でも様子が違った。顔はいつもの泣き顔だが、声が小さく、かすれていた。

風邪引いちゃったか?と心配しつつも、母乳やミルクもゆっくりだが飲んでるし、あったかくしておけば大丈夫だろう、程度に考えていた。

 

 

2021年2月2日

また泣き声が小さい。

そしてミルクを飲まない。というより、次女本人は飲もうとしているのにすぐに苦しくなって止まっている?

妻が次女の呼吸の仕方に違和感を感じ、服を脱がせてみる。すると、本来この時期の赤ちゃんは腹式呼吸の動きをするはずだが次女はお腹よりも胸が大きくベコベコと動き、苦しそうな呼吸をしていた。

インターネットで調べるとこれはあまり良くない状態のようだった。

 

不安になり、近所にある長女のかかりつけ病院へ連れて行った。

すると詳しい説明はされなかったが、医師からすぐに出産した病院へ連れて行くように言われた。

了承すると、医師が慌ただしく出産病院へ電話をしている声が聞こえた。すぐに向かう旨を伝えてくれたのだろう。

 

車で出産した病院へ向かい、到着すると待機していた医療チームがすぐに妻と次女を誘導してくれた。私と長女は付いていけないという事なので、車で待つことにした。

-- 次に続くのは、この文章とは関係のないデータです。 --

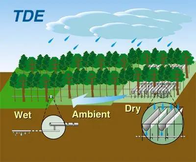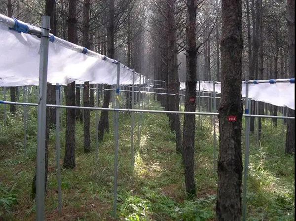 也与紧邻塞罕坝的御道口牧场建立了长期合作关系,于2020年9月开始进行草地生态系统碳水通量观测,同时也配备了一定的摄像物候观测。该样地的建成为林木交错带生态脆弱区对全球变化响应的研究提供了强力的技术支撑,补强了塞罕坝地区草地生态研究。 草地生态系统碳水通量观测仪器 经过三十余年的研究和十余年的监测,北大科研团队在塞罕坝孵化了系列科研成果: 1 刘鸿雁教授研究团队历经三十余年,系统开展塞罕坝及周边地区植被地理与植被生态研究,揭示了这一地区植被格局的成因,重建了这一地区过去植被演化过程,提出了区域林草植被覆盖的合适承载力。尤其是对多个造林树种固碳和耗水过程连续多年的观察,揭示了三北防护林地区主要造林树种小叶杨出现大面积死亡的原因,提出了未来区域植被恢复的策略。研究成果“中国北方生态脆弱区植被动态及其对气候变化的响应”获得2011年度教育部自然科学奖二等奖。参与完成的咨询报告“关于应对气候变化规避三北防护林衰退风险的建议”2020年得到了国家领导人的批示。 2 基于2010年建立的不同林龄落叶松人工林长期氮添加平台和2018年建立的季节不对称性增温平台,朴世龙教授团队对不同生长阶段落叶松人工林生态系统过程进行研究,旨在揭示落叶松人工林对未来气候变化情景的响应与适应。研究团队明确了氮沉降对落叶松人工林生长和土壤碳排放的影响模式,为建立高效、稳定、可持续的人工林提供了理论基础;揭示了落叶松人工林物候对季节不对称性增温的响应,为落叶松人工林建成和应对未来气候变化提供了重要的理论基础,有助于从物候学角度认识人工林生产力的维持机制。 3 基于2010年建设的樟子松人工林养分添加平台,王娓副教授团队对人工林生产力及土壤碳排放动态进行连续监测,改进了菌根真菌呼吸的测定方法,阐明人工林生长和土壤碳排放的响应模式,为人工林可持续管理提供参考。此外,基于不同退化草地氮添加实验平台(2011年起),开展较为系统的草地退化评估与恢复研究,建立草地退化评估指数,明确植物与土壤对人类干扰的响应,为退化草地的恢复治理提供借鉴。 4 郑成洋副教授团队选择塞罕坝45年樟子松人工林,通过穿透雨转移方法,增加、减少样方内+30%、-30%的水分,设立三个处理三个重复森林降水控制平台。研究樟子松人工林降水改变对水分利用效率、森林生长、土壤养分、植物生理等响应。 森林降水控制实验示意图 在未来,塞罕坝站将在现有监测和研究的基础上,以“林水关系”为主线,继续立足人工林生态系统的生态学基础、人工林对气候变化的响应与反馈、人工林生态效应的动态变化、不同造林模式的适应性四个研究方向开展长期定位监测和实验研究。 久久为功,薪火相传 塞罕坝站每年吸引全国多所高校的师生在此开展植物学、生态学、自然地理学、林学等学科的教学实习。 塞罕坝站目前是北大重要的生态学、自然地理学、环境科学的实习基地,也是3p视频

かなりの時間待ったように感じたが、妻からLINEが。「心不全をおこしているそう。もっと大きい病院に救急車で移動するって」

 

ショックだった。

心不全」という言葉は聞いたことぐらいはあったが、次女が?

 

その後救急車が到着し、私と長女も呼ばれて妻とともに搬送について説明を受けた。

同乗するらしい医師が「危険な状態です。搬送中に何も起こらないよう尽くしますが、確実な命の保証はできません」と言った。

恐怖を感じた。

しかしその事を了承した上で搬送する、という同意書にサインをした。

 

搬送直前の次女に再会できた。

服は破れて少し血が付き、体はたくさんの管や点滴に繋がっていた。本人は薬で眠っていた。

処置してくれた医師曰く「苦しかっただろうが、いま応急処置をしたので楽になったはず。あとは次の病院で」

楽になったとは言え、次女の姿を見ると涙が我慢できなかった。

長女も静かに妹を見守っていた。

今思えば長女が直接次女と会えたのは、現在に至るまでの間これが最後だった。

 

そして次女が救急車に運び込まれ、出発していくのを3人で見送った。コロナのため家族の同乗は許可されなかった。

 

その後、私たち3人は自家用車で次の病院へ移動した。移動中に3人でどんな会話をしたのかは思い出せない。

 

着いた病院は、小児関係では県内最大の病院だった。

次女は先に着いてICUで処置を受けているようだが、私たちはコロナのため中へは入れず、外で説明を受けた。

そこで医師から言われたのが

「心筋症の疑いがあります。内科的治療を始めますが、効果がない場合には心臓移植が必要になる可能性があります」

その場では意外なほど冷静にやりとりしていたが、頭の中は心筋症?心臓移植??と混乱していた。きっと妻も同じだったと思う。

 

しかしその日は次女に会えないまま帰宅するように言われ、数日かけて次女にコロナの検査や内科的治療への反応を確認し、面会できる見当がついたら連絡をくれるとの事だった。

 

あまりにも激動の1日で、どう受け止めたら良いのか分からず、帰宅後は3人でくっついて過ごした。

 

一生忘れることのない2月2日だった。